Each entry below is to be copied verbatim, with no line missing.
-- -- --
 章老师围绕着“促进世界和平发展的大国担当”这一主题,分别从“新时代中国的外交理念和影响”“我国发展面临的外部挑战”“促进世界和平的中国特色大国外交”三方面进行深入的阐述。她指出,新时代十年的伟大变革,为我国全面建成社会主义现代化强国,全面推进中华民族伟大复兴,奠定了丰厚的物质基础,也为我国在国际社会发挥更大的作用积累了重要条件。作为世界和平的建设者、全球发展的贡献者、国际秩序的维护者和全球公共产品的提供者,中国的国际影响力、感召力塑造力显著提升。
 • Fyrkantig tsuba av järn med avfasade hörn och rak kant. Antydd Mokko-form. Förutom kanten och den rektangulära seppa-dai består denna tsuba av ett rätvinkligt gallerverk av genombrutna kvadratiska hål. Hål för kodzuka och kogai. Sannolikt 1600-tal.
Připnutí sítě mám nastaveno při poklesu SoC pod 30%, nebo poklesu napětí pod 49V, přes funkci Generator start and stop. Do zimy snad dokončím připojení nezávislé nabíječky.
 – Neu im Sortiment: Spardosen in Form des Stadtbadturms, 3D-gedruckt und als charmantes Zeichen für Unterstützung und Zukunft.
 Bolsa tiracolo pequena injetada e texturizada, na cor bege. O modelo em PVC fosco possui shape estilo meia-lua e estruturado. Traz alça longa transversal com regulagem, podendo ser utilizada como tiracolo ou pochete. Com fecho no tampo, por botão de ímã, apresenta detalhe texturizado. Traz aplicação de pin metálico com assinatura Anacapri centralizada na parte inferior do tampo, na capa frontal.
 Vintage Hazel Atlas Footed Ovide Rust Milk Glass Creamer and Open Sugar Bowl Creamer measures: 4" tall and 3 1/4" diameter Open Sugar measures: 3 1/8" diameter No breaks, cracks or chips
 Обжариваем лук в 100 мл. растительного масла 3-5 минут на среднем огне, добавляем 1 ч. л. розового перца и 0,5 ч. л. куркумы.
-- -- --
* _Exercise output_
 章老师围绕着“促进世界和平发展的大国担当”这一主题,分别从“新时代中国的外交理念和影响”“我国发展面临的外部挑战”“促进世界和平的中国特色大国外交”三方面进行深入的阐述。她指出,新时代十年的伟大变革,为我国全面建成社会主义现代化强国,全面推进中华民族伟大复兴,奠定了丰厚的物质基础,也为我国在国际社会发挥更大的作用积累了重要条件。作为世界和平的建设者、全球发展的贡献者、国际秩序的维护者和全球公共产品的提供者,中国的国际影响力、感召力塑造力显著提升。
 • Fyrkantig tsuba av järn med avfasade hörn och rak kant. Antydd Mokko-form. Förutom kanten och den rektangulära seppa-dai består denna tsuba av ett rätvinkligt gallerverk av genombrutna kvadratiska hål. Hål för kodzuka och kogai. Sannolikt 1600-tal.
Připnutí sítě mám nastaveno při poklesu SoC pod 30%, nebo poklesu napětí pod 49V, přes funkci Generator start and stop. Do zimy snad dokončím připojení nezávislé nabíječky.
 – Neu im Sortiment: Spardosen in Form des Stadtbadturms, 3D-gedruckt und als charmantes Zeichen für Unterstützung und Zukunft.
 Bolsa tiracolo pequena injetada e texturizada, na cor bege. O modelo em PVC fosco possui shape estilo meia-lua e estruturado. Traz alça longa transversal com regulagem, podendo ser utilizada como tiracolo ou pochete. Com fecho no tampo, por botão de ímã, apresenta detalhe texturizado. Traz aplicação de pin metálico com assinatura Anacapri centralizada na parte inferior do tampo, na capa frontal.
 Vintage Hazel Atlas Footed Ovide Rust Milk Glass Creamer and Open Sugar Bowl Creamer measures: 4" tall and 3 1/4" diameter Open Sugar measures: 3 1/8" diameter No breaks, cracks or chips
 Обжариваем лук в 100 мл. растительного масла 3-5 минут на среднем огне, добавляем 1 ч. л. розового перца и 0,5 ч. л. куркумы.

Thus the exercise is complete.